Despite such a flow of persons from South to North, the countries of Central and South America keep losing the battle for equity, democratic participation, human security, and true development. Income distribution indicators reveal that the gaps between rich and poor are widening, and that trade is not benefitting all.
Core-periphery exploitation is not a new phenomenon, as the history of colonialism makes evident; it is a product of the globalization that has been going on in the world since at least the 17th century.41 With the end of the Cold War and the advent of the information age, however, the relationships of dependencies and the populations that are affected have been deterritorialized and redefined by a core of unified global actors, classified in terms of capital ownership and political access. Thus, it is no longer useful to attach the description of rich and poor to countries. This overly simplified model fails to take into account the extraordinarily high living standards enjoyed by very few in the upper echelons of power in the developing world, as well as the deteriorating situation of the poor in the global North. In both locations, however, the poor lack voice, a key characteristic of citizenship (see also chapter 13).

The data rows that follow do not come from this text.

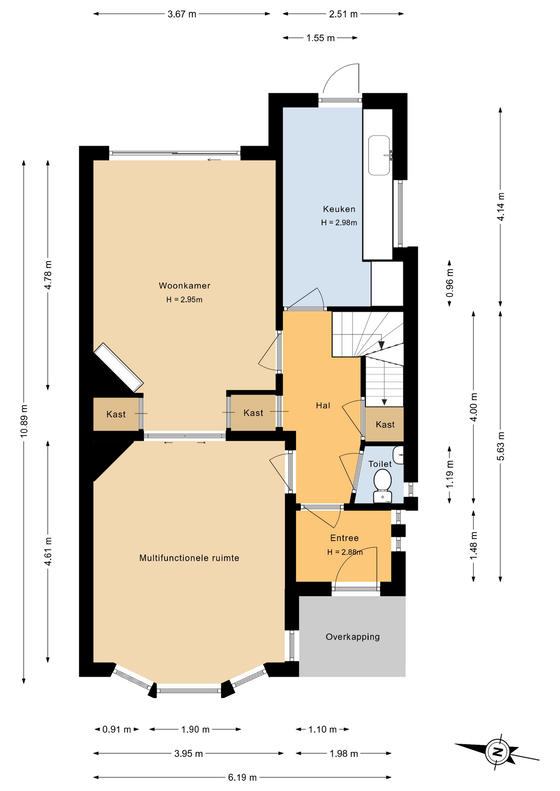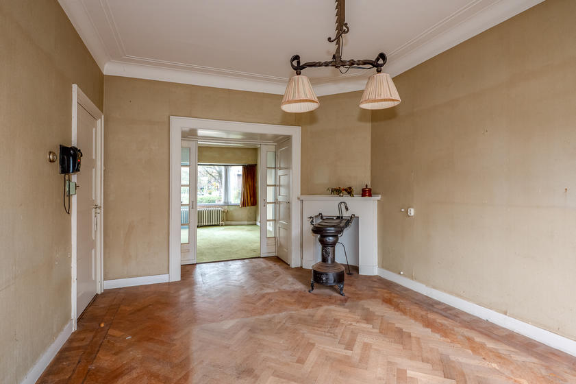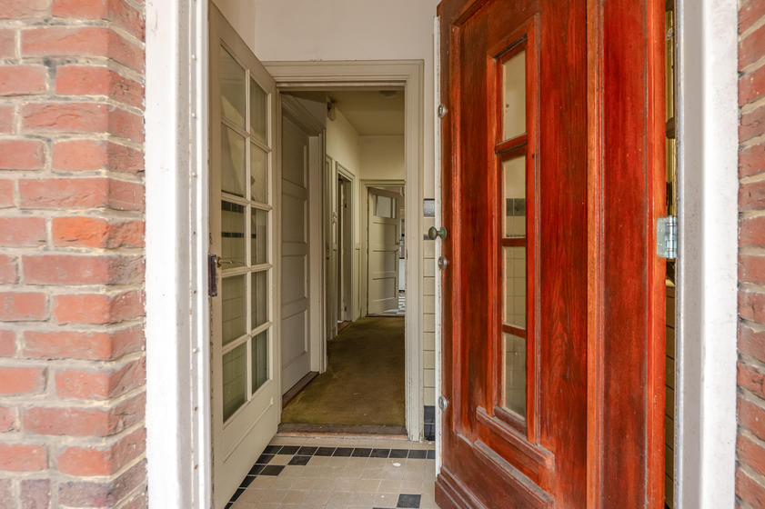 Fraaie voordeur, vestibule met twee zijramen, vestibuledeur, binnenhal met de wc-ruimte, een vaste kast en de kelderdeur. De hal vangt goed licht via de ramen in het trappenhuis. Twee woonkamers en suite met een kastenseparatie met schuifdeuren: de voorkamer biedt zicht op de zij-/voortuin en het plantsoen, de achterkamer heeft openslaande deuren naar de achtertuin. Aan de achterzijde is de keukenruimte met een deur naar de achtertuin.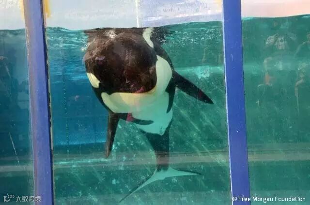 虎鲸被囚禁在海洋公园的水池里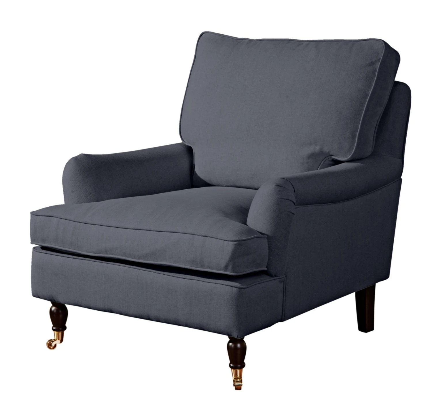Lehnen Sie sich an und genießen Sie die Gemütlichkeit von Schaumstoffflocken im Rücken von dem üppig gefüllten Kissen. Platz nehmen Sie Auf Wellenunterfederung, die mit Polätherschaum gepolstert wurde und neben Komfort auch das Sitzklima unterstützt. Die geschwungenen Armlehnen und die Tiefe mit ca. 108 cm machen diesen Sessel auch optisch zu einem Highlight. Absoluter Hingucker sind die vorderen Füße, die in handwerklicher Kunst gedrechselt und mit Rollen versehen wurden, so dass sie an Klavierfüße erinnern. Die edle Farbe in dunklem Nussbaum rundet in Kombination mit einem anthrazitfarbenen Bezug in Leinenoptik das Gesamtbild ab.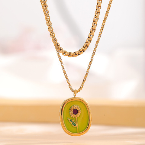 2023 Flor colorida círculo geométrico pingente colar dupla camada titânio aço caixa cadeia 24k ouro girassol colar
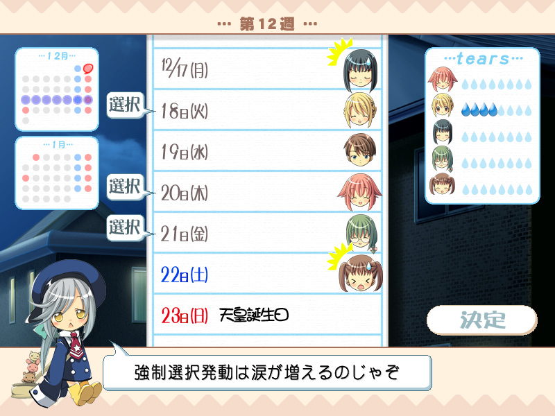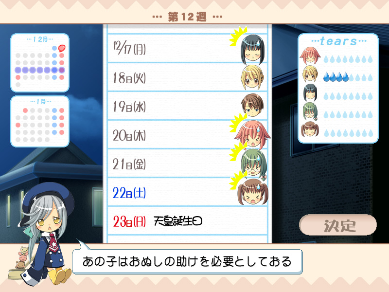 | 登場するキャラクターは全員,何らかの悩みや迷いを抱えている。主人公と関わっていく中で,何かのきっかけで涙があふれてくることがある。これがテーマになっている「彼女の流す,ホントの涙」である。とはいえ,左端はどう考えてもそのような涙ではないのだが |

Migration from Latin American, and the potential exploitation that it entails, is closely tied to trade. While it is not the “poorest of the poor” who migrate, those who travel northward away from their cultural roots and their families do so to satisfy the North’s demands for cheap labor42 (see section 8.7 on trade and immigration). On the other hand, globalization also has seen the embrace by the South of neoliberal economic policies. The expansion of markets in the South has also affected citizenship as it has “reconfigur[ed] … popular culture and … introduc[ed] … new consumption standards bearing little relation to local wage levels.”43 Ironically, while the North increasingly tries to close borders to the human migrants on whose labor it so greatly depends, it works exhaustively to facilitate the cross-border movement of goods, capital, commodities, and information—a reality incorporated in the NAFTA in 1994 and embraced by the aspiring FTAA.44
The migration is ultimately the result of the expansion of markets into peripheral, nonmarket, or premarket societies, and the disruptions that occur in the process.45 The diametric opposition with which we regard the transmigration of cultures through the migration of individuals across national borders, as juxtaposed to the integration of world markets, is affecting the very right of citizenship. Indeed, with no shame, former Mexican President Vicente Fox actively encouraged emigration, and called for a fully open border within ten years to ensure a continuing flow of remittances—“the third largest source of revenue in Mexico’s economy, trailing only oil and manufacturing”—a record of thirteen billion dollars in 2003.46 Moreover, Fox also worked to change the law so that former Mexican citizens living in the United States, even if naturalized, could continue to vote in Mexican elections. This move is indicative not only of the transnationalization of citizenship but also of the impact of globalization on the very institutions of citizenship.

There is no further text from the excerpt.